The main contribution of this article is summarized as follows.

1.: To overcome the limitations of conventional encoders in modeling complex industrial signals, we design a Transformer-based Temporal Encoder (TBTE). This module adapts the self-attention mechanism to tokenize time series into segments, enabling it to capture not only local dynamics but also critical long-range temporal dependencies. This results in more discriminative feature embeddings crucial for distinguishing subtle fault characteristics.
2.: We propose a novel Task-Adaptive Prototype Regularization (TAPR) strategy to address the challenge of task heterogeneity. This mechanism dynamically adjusts the regularization strength based on the difficulty of each few-shot task, promoting more compact intra-class distributions and clearer inter-class boundaries. This enhances the model’s adaptability and robustness in diverse and challenging diagnostic scenarios.

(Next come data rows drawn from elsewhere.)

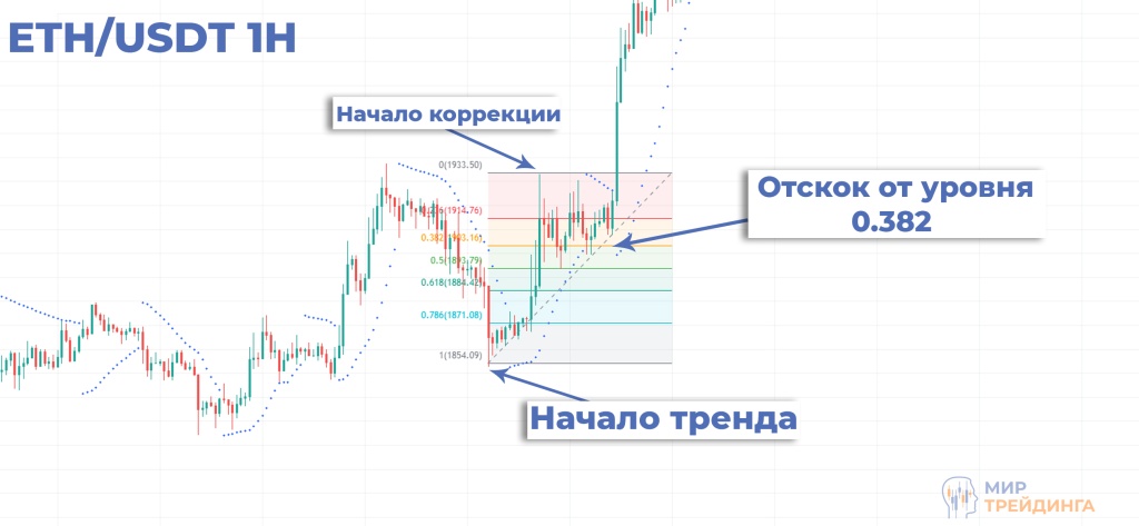 Пара ETH/USDT, часовой таймфрейм. Аналогичная ситуация прошлому примеру с биткоином. После того как цена начала коррекцию восходящего тренда, строим уровни Фибоначчи. Далее цена эфириума сделала отскок от важного уровня 0,382 и продолжила бычий тренд, а точки PSAR ушли под график.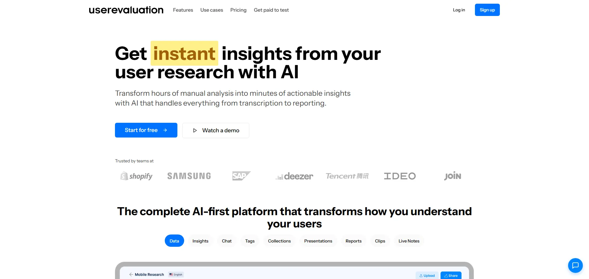 UserEvaluation es una plataforma de investigación de usuarios impulsada por inteligencia artificial. Centraliza el análisis de datos y la extracción de insights para acelerar la creación de informes y la toma de decisiones. Ofrece un entorno intuitivo con chat con IA, videotutoriales y una amplia biblioteca de recursos para optimizar la experiencia de cliente y mejorar productos y servicios.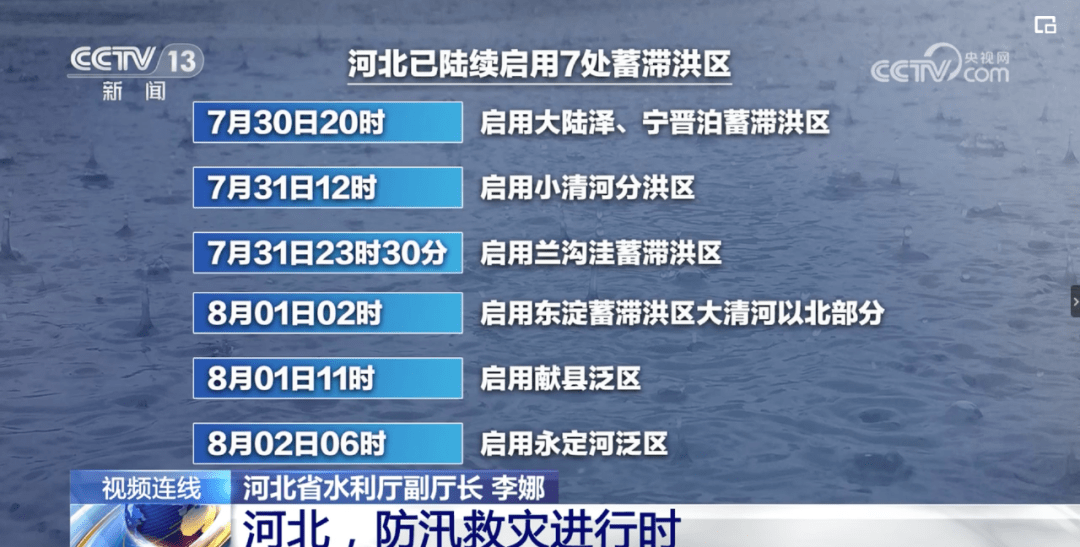 此次洪水涉及河北四个流域——大清河、永定河、子牙河和北运河。目前,河北省在永定河、大清河和子牙河三个河系共启用了七个蓄滞洪区。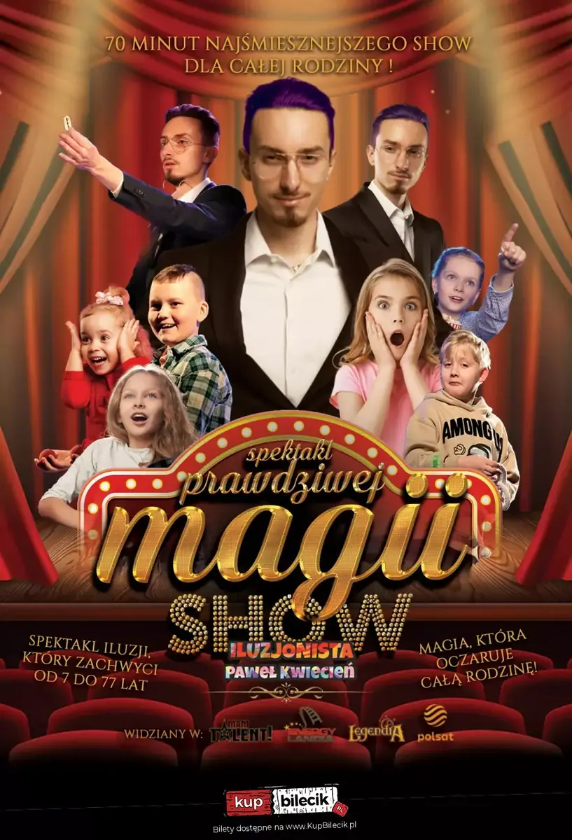 Przygotujcie się na 70 minut pełnych emocji, śmiechu i zaskoczeń. Paweł Kwiecień, iluzjonista, który na co dzień czaruje widzów po całej Polsce, zaprasza Was na show, które połączy magiczne iluzje z rodzinną atmosferą! To najśmieszniejsze magiczne show w Polsce - przeznaczone dla całych rodzin, które będą miały okazję poczuć się częścią tej niezwykłej przygody! Co czeka Was na spektaklu?

The rolling bearing benchmark are used to analyze the FSFD performance of the proposed TETARPN approach. Extensive experiments demonstrate its effectiveness and superiority in comparison with state-of-the-art methodologies.

2. Preliminary

2.1. Problem Formulation

In practical industrial environments, it is often possible to pre-identify various system states—such as normal operations or fault conditions—through domain knowledge and prior experience [33]. Based on this insight, we consider a scenario where data samples are collected under M known operating conditions, forming a labeled dataset

D = {(x_{i}, y_{i})}_{i = 1}^{N}

, where each input

x_{i} \in R^{p}

denotes a p-dimensional measurement, and each label

y_{i} \in 1, \dots, M

indicates its corresponding condition category. These samples are naturally grouped in the joint space

X \times Y

, aligning with different machine states. Traditionally, the goal of fault diagnosis is cast as a multi-class classification problem, in which a model is trained to accurately distinguish between these pre-defined categories [5].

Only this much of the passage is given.